Stack-2-9-finetuned / docs /TOOL_DATA_ANALYSIS.md

walidsobhie-code

feat: add inference API, quickstart guide, roadmap, and combined tool data

b03a8a0 25 days ago

6.91 kB

	# Tool Calling Training Data Analysis

	Generated: 2026-04-06
	Files Analyzed:
	- `training-data/tool_examples.jsonl` (original)
	- `training-data_v2/tool_examples.jsonl` (regenerated)

	---

	## Executive Summary

	The original tool calling training data had significant quality issues that limited its usefulness for training a production AI coding assistant. The data was synthetically generated with systematic errors.

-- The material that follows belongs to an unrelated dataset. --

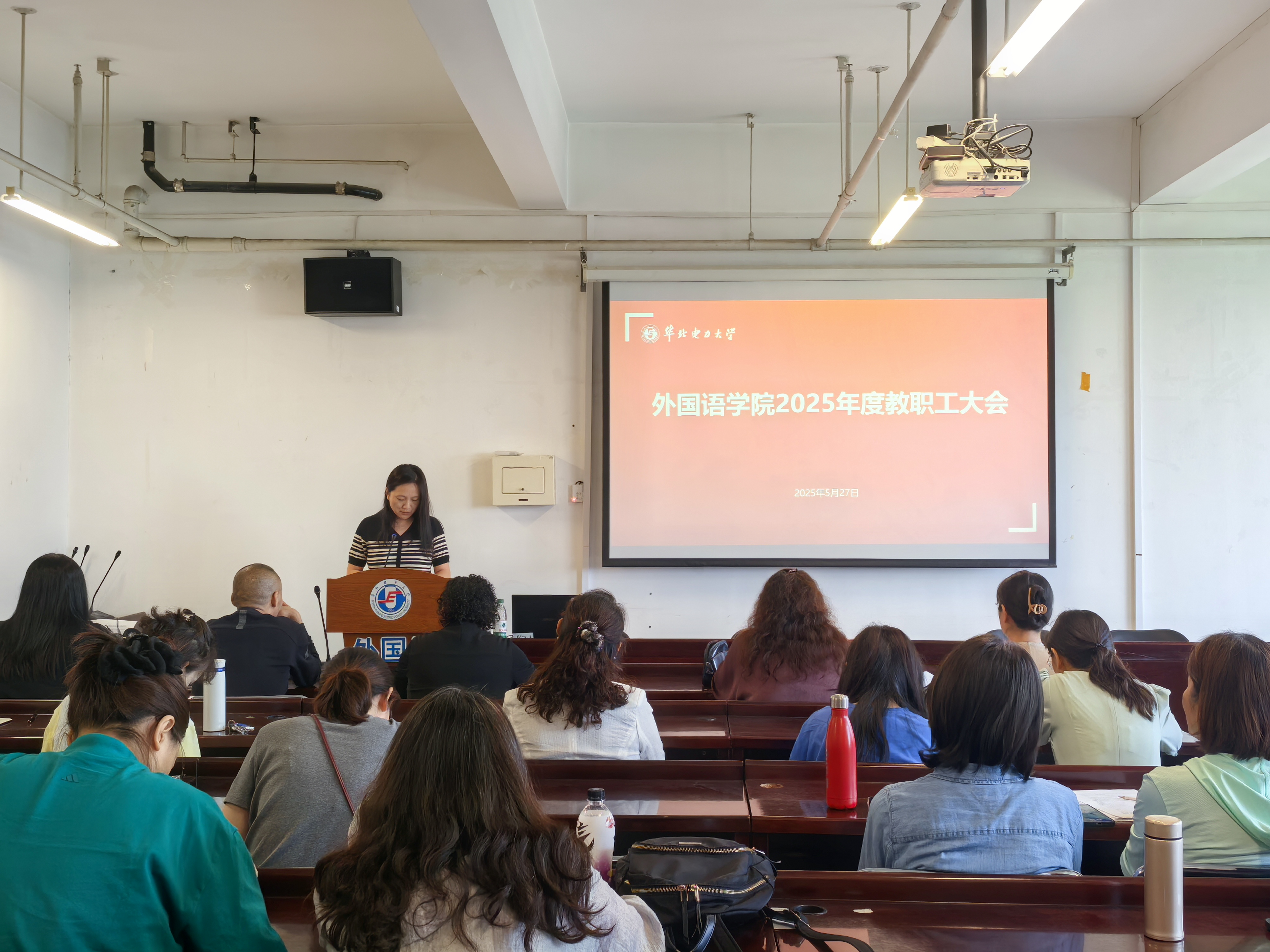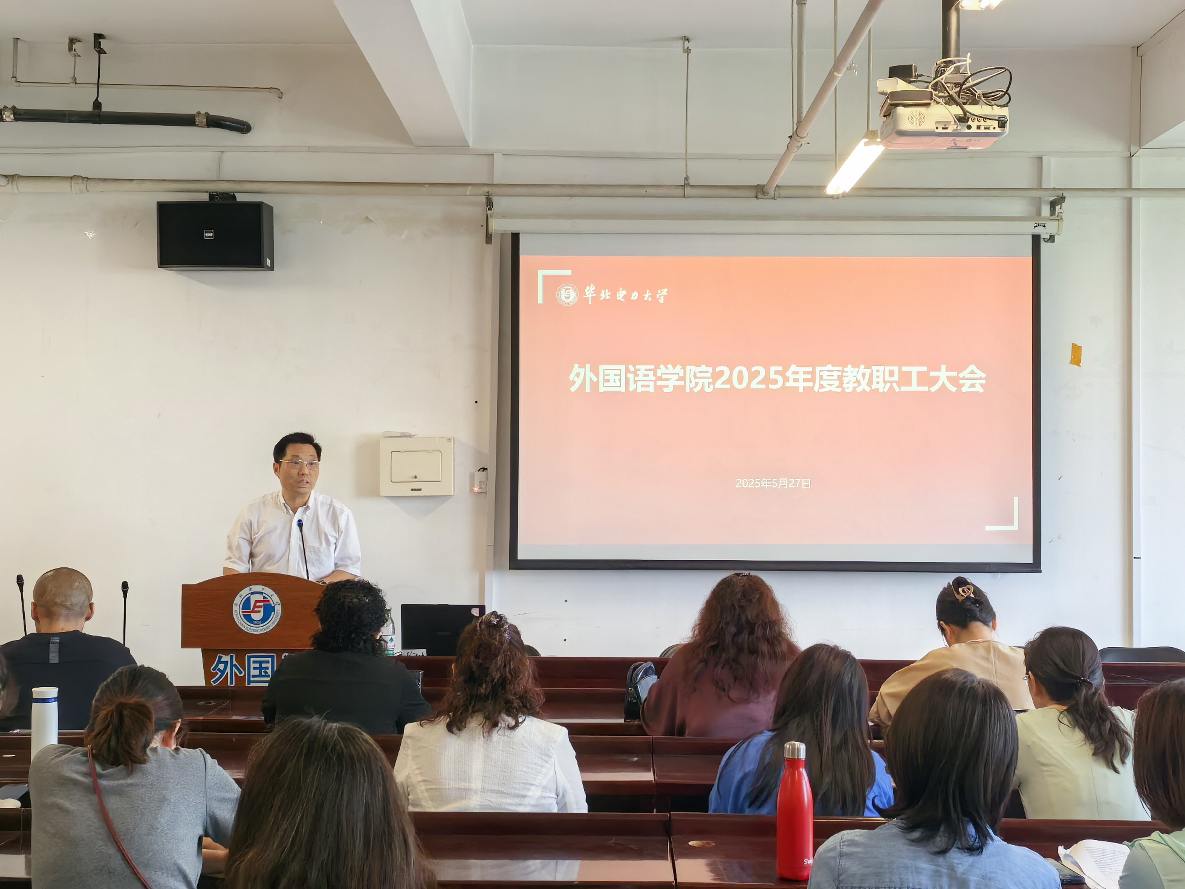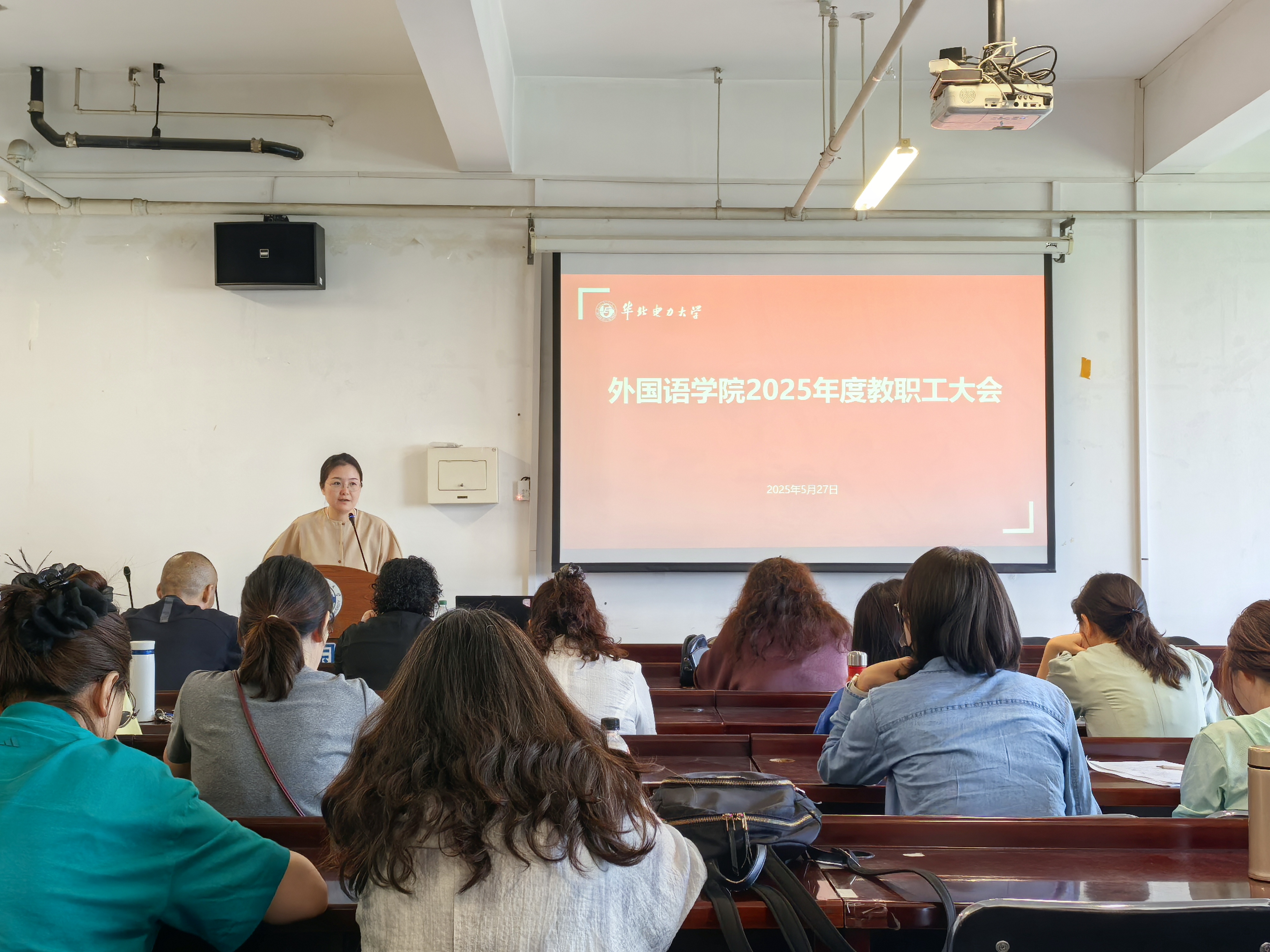 5月27日下午,外国语学院召开2025年教职工大会,学院领导班子成员及全体教职工参加会议。会议由工会副主席王晴晴主持。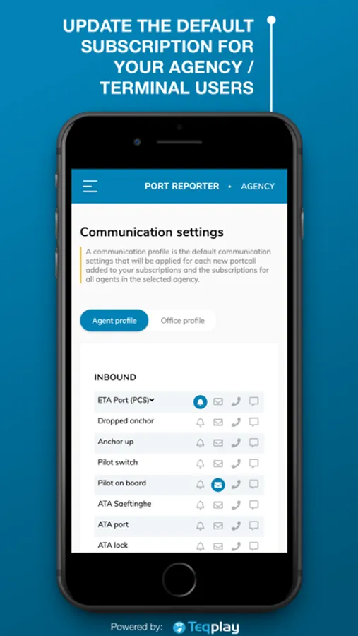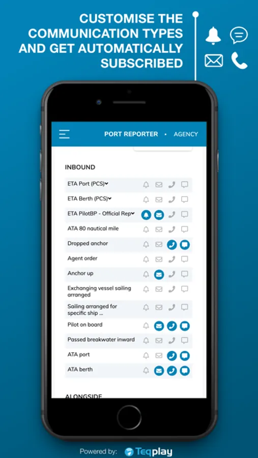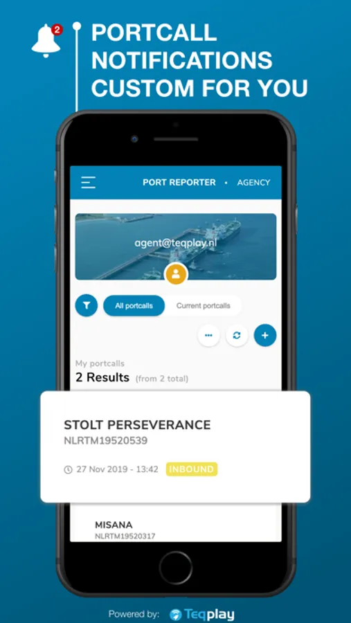 Port Call Reporting at hand: Port Reporter is the app for the port community to be up to date on the actual status of the port call. Configure all relevant events for the visiting, shifting, along-side operations and departing sea vessels and receive notifications, per e-mail, phone, sms or push messages. Providing insight for port call optimization.

	Key Findings on Original Data:
	- ❌ 10.5% of tool calls use incorrect parameters (mismatched search queries, wrong files)
	- ❌ Heavy prompt duplication (7.5x average)
	- ❌ No multi-step tool chains (only 1 tool per example)
	- ❌ All examples use identical tool definitions

	Action Taken: Generated 500 new examples using the project's generator script.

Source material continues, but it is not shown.